Neither had hydrops, polyhydramnios, associated anomalies, or an abnormal karyotype. One had a
completely normal sonogram at 17/40, which suggests that the cystic hygroma had developed later in
gestation. Both survived after an operation at 4 days of life. They continue to say that there may be two
separate aetiologies for this condition with vastly different outcomes, ie those presenting before 30/40 and
those after which include the majority of cystic hygromas.
A ranula is a cystic swelling in the floor of the mouth containing mucoid salivary secretions, which most
commonly originate from a sublingual salivary gland. The extravasated mucous may track below the
myolohyoid (plunging ranula). A plunging ranula is not epithelially lined and are therefore pseudocysts.
This may occur without a ranula being present in the floor of the mouth, in which case its origin may not be
appreciated.
Diff diag: branchial cyst, thyroglossal cyst, epidermoid cyst, tetatoid cyst, cystic hygroma, cervical thymic
cyst, laryngocoele, AV-malformation, lymphadenopathy, abscess, or soft tissue tumour.

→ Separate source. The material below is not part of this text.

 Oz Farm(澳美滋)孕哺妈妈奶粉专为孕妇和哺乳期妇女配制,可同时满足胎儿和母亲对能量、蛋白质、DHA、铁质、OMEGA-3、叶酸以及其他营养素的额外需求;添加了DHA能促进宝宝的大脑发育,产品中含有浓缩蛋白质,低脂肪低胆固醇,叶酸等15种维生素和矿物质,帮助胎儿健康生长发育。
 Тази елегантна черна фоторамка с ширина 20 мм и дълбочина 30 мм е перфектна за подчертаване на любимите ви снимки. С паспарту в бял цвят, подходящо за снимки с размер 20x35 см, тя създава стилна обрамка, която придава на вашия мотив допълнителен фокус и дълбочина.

U/S or CT should give diagnosis.
Excision of the ipsilateral sublingual gland seems to be essential in order to cure the condition. The
recurrence rate for plunging ranula after excision of the cyst through a submandibular incision is 85%, 53%
after marsupialisation, and 2% after excisionn of the sublingual gland with transoral drainage of the cyst.
TORTICOLLIS
Causes inc:
SM tumour common, > 3/52
Abn in utero posture improves with age
Cx hemivertebrae structural plain x-ray
RPh abscess toxic
Ocular imbalance 2o to squint
Post fossa tumour rare, other neurol signs
Spasmodic with GOR Sandifers syndrome
Postural familial
Secondary effects plagiocephaly within 1st few months, tends to resolve when sitting. Sig facial
hemihypoplasia > 8/12, more often noticed at 3-4yrs. Elevate ipsilat shoulder, scoliosis to keep eyes level.

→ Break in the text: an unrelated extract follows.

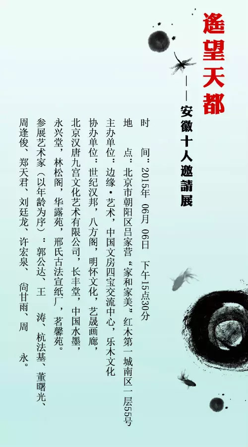 《遙望天都》首次京城展,十人,雖不能全景安徽,但能代表著我對安徽繪畫藝術界的了解,更主要代表了安徽藝術界的一個層面。也表達了我對藝術的深摯情感和對故鄉的真摯情懷。此次展覽,能使我們歡聚北京,歡聚樂木文化藝術空間。也圓了我多年來追求藝術的夢想。
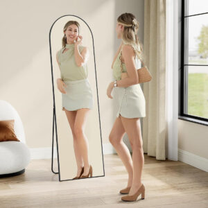 Oglinda moderna de podea cu dimensiuni generoase, ideala pentru verificarea tinutelor din cap pana in picioare. Realizata din sticla securizata pentru siguranta si incadrata intr-o rama eleganta din aluminiu rezistent la rugina, ofera un plus de stil si functionalitate oricarei incaperi.

All improve with SMT resolved.
Treatment:
Value of manipulation not proven, ? value of something being done ? place toys etc on opp side
Indications for Sx: - persistent tightness with LOR >12-15/12
- progressive facial hemihypoplasia
- presentation > 1yr
Technique GA, supine, shoulder roll, head to opp side
3-4cm incision 1cm > clavicle, 2 heads dissected and div with diathermy. Investing fascia divided
ant and post to muscle, continue across post triangle to ant border of trapezius can feel tightness,
under vision!. Close platysma, skin
recurrence rare - <3%. Comps haematoma, nerve damage
follow patients until T resolved completely, full ROM, SM feels normal.